The White House has received the U.S. Environmental Protection Agency’s (EPA) proposal for broad emissions cuts for new cars and trucks through 2032.
The proposal was sent to the White House Office of Information and Regulatory Affairs and is being reviewed after more than 250,000 public comments were filed about it. In April last year, the EPA proposed requiring a 56% reduction in projected fleet average emissions over 2026MY requirements. This initial proposal would have also required automakers to produce 60% EVs by 2030 and 67% by 2032 in order to meet the requirements.

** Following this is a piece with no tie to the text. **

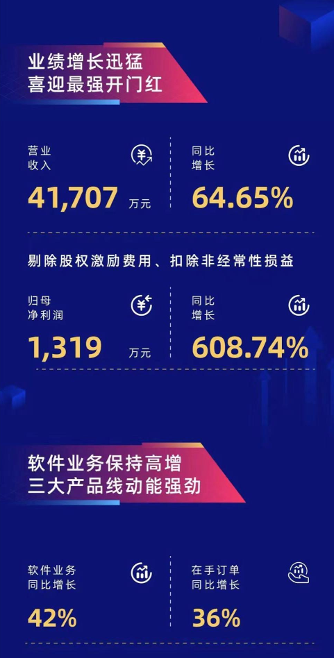 4月27日晚,宇信科技對外披露2021年第一季度報告。數據顯示,宇信科技喜迎上市以來“最強開門紅”。一季度,公司實現營業收入41,707萬元,同比增長64.65%,凈利潤受股權激勵費用支出影響出現虧損,但剔除股權激勵費用、扣除非經常性損益的歸母凈利潤1,319萬元,相較于去年同期大幅增長608.74%,該增速和利潤水平也創造了公司上市后的一季報最佳水平。

Last year, the Alliance for Automotive Innovation representing the likes of General Motors, VW, Toyota, Hyundai, and others called the proposal a “de facto battery electric vehicle mandate” and claimed the proposed standards would not be achievable “without substantially increasing the cost of all vehicles, reducing consumer choice and disadvantaging major portions of the U.S. population and territory.”
Reuters understands that the EPA will look to finalize its new emissions rules by March.

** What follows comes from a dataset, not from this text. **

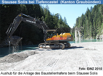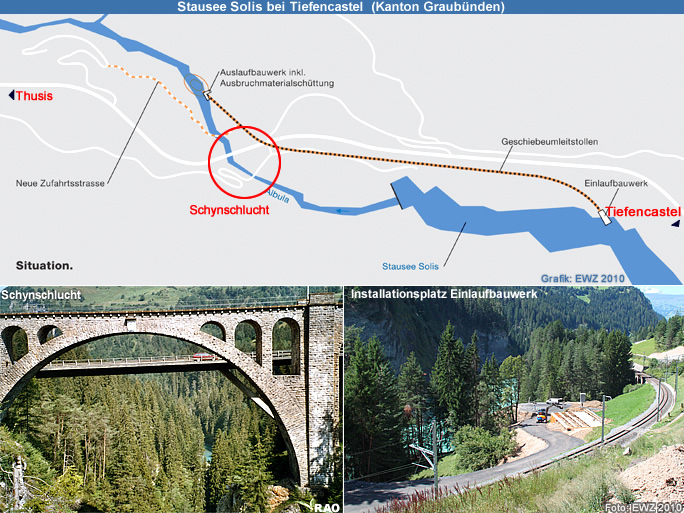 Die Verlandung des Stausees Solis (Auffüllung von Gewässern mit Geschiebe) ist ein Problem, das jetzt mit einem 850 Meter langen Geschiebeumleitstollen gelöst wird. Am 9. September 2010 fällt mit einer Sprengung der offizielle Startschuss für das 38,4 Mio. Franken teure Bauvorhaben. Die Bauarbeiten dauern voraussichtlich bis 2012.

These new EPA rules aren’t the only thing concerning some carmakers. The Department of Transportation (DOT) and National Highway Traffic Safety Administration have proposed hiking Corporate Average Fuel Economy (CAFÉ) standards by 2032 to a fleet-wide average of 58 miles per gallon.
Read: U.S. Vehicles Set Record Fuel Economy, CO2 Hits All-Time Low In 2022
The Energy Department has separately proposed revising how electric vehicles are treated for compliance purposes in a move that some say could devalue EV fuel economy by as much as 72%.
While recently speaking on the complicated issue, Deputy Transportation Secretary Polly Trottenburg said the EPA, DOT, and Energy Department are ”certainly trying to talk to each other and figure out a way to do this.”